第二个附录:在 Python 中读取二进制文件

我设法使用 numpy 在 python 中读取保存的二进制文件,如下所示:

data = np.fromfile('test.bin', dtype=np.float64)
data
array([-74.04119568, -44.33692582,  17.36278231,  48.16310086,
       -65.02325252, -37.2053818 ])

但是考虑到 cmets 对二进制格式的不可移植性提出的质疑,我不相信这种在 Python 中的阅读方式会一直有效!如果有人能阐明这种方法的可靠性,那就太好了。

【问题讨论】:

  • 旁注:使用ifstreamofstream时不需要指定方向; “i”表示“in”,“o”表示“out”,您很少需要显式关闭它们中的任何一个 - 析构函数会处理这些。
  • 请不要重新发明轮子。使用像 cerealBoost serialization 这样的健全的库进行序列化。
  • pos的定义是什么?是[3]吗?
  • 那么粒子对象定义为particles = new Particle[npart]; -- 在哪里?评论和描述不是事实,只有代码才是事实。请发帖minimal reproducible example
  • 当您需要联系reinterpret_cast 时,您需要停下来想一想“我是不是在这里写了一个错误”,答案是通常“是”。跨度>

标签: c++ fstream binaryfiles


【解决方案1】:

问题在于 ascii 中 double 的以 10 为基数的表示存在缺陷,并且不能保证给您正确的结果(特别是如果您只使用 10 位数字)。即使您使用所有 std::numeric_limits&lt;max_digits10&gt; 数字,也可能会丢失信息,因为该数字可能无法以 10 为底数精确表示。
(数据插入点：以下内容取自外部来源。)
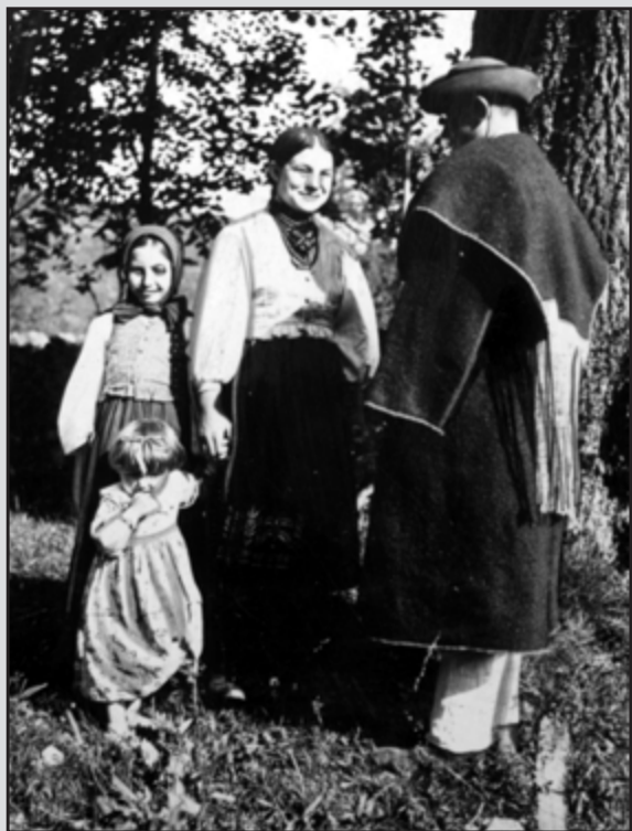
4. Rodzina Łemków z powiatu jasielskiego w strojach regionalnych. (1935 r.)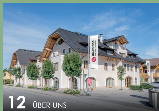
12 ÜBER UNS

Atemberaubende Panoramaaussicht bei unseren 14 Wohnungen mit 2 bis 4 Zimmern. Die wunderschöne Naturlage in Bruck an der Großglocknerstraße bietet den idealen Ausgangspunkt für ein aktives Leben.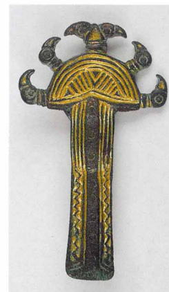
Франкская фибула. Середина VI века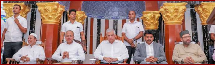
(பலஸ்தீன் ஜனாதிபதி) காலா விவகாரத்தில் இலங்கையின் நிலைப்பாடு ஒருபோதும் மாறாது. பாலஸ்தீன் அரசு 5 வருடங்களுக்குள் நிறுவப்படும்

பலஸ்தீன் அரசு உருவாக்கப்பட வேண்டும் காத்தான்குடி அல் அக்ஸா நிகழ்வில் ஜனாதிபதி கருத்து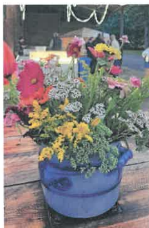
Sommerflimmern 2025 auf Hof Middendorf in Bissendorf

Ferner bitten wir um die Genehmigung zum vorzeitigen Maßnahmebeginn für 2026. Uns ist bewusst, dass damit keinerlei Finanzierungsverpflichtung des Förderers verbunden ist und dass das finanzielle Risiko auf Antragstellerseite bleibt.

您遇到的另一个问题是 double 的二进制表示不标准化,因此使用它非常脆弱并且很容易导致代码破坏。简单地改变编译器或编译器位置可能会导致不同的双重格式和改变架构,你绝对不能保证。

您可以使用双精度的十六进制格式将其序列化为无损表示的文本。

 stream << std::fixed << std::scientific << particles[i].pos[0];

 // If you are using C++11 this was simplified to

 stream << std::hexfloat << particles[i].pos[0];

这具有打印与 C 中 printf() 中的“%a”相同的值的效果,将字符串打印为“十六进制浮点,小写”。这里radixmantissa 在以非常特定的格式打印之前都转换为十六进制值。由于底层表示是二进制的,因此这些值可以精确地以十六进制表示,并提供一种在系统之间传输数据的无损方式。 IT 还会截断后续的零,因此对于很多数字来说是相对紧凑的。

在 python 方面。也支持这种格式。您应该能够将值作为字符串读取,然后使用 float.fromhex() 将其转换为浮点数

见:https://docs.python.org/3/library/stdtypes.html#float.fromhex

但您的目标是节省空间:

但现在,为了节省空间,我尝试将配置保存为二进制文件。

我会问你真的需要节省空间吗?您是否在低功耗低资源环境中运行?当然,节省空间绝对是一件事(但现在很少见(但这些环境确实存在))。

但您似乎正在运行某种形式的粒子模拟。这并没有尖叫低资源用例。即使你有 tera 字节的数据,我仍然会使用一种可移植的易于阅读的二进制格式。最好是没有损耗的。存储空间便宜。

【讨论】:

  • 非常感谢所有的解释,这真的很有帮助!使用 hexfloat 真的很有趣!我现在要试一试!
  • 嗨马丁,我无法使用 hexfloat 写入文件,这有什么技巧吗? (即在上述代码 sn-p 中的outfile.write(...) 内。感谢您对此的任何提示。
  • @user929304 outfile &lt;&lt; std::hexfloat &lt;&lt; particles[i].pos[0] &lt; " ";
【解决方案2】:

我建议使用 而不是从头开始编写序列化/反序列化例程。我发现cereal 真的很容易使用,甚至可能比boost::serialization 更容易。它减少了您自己的代码中出现错误的机会。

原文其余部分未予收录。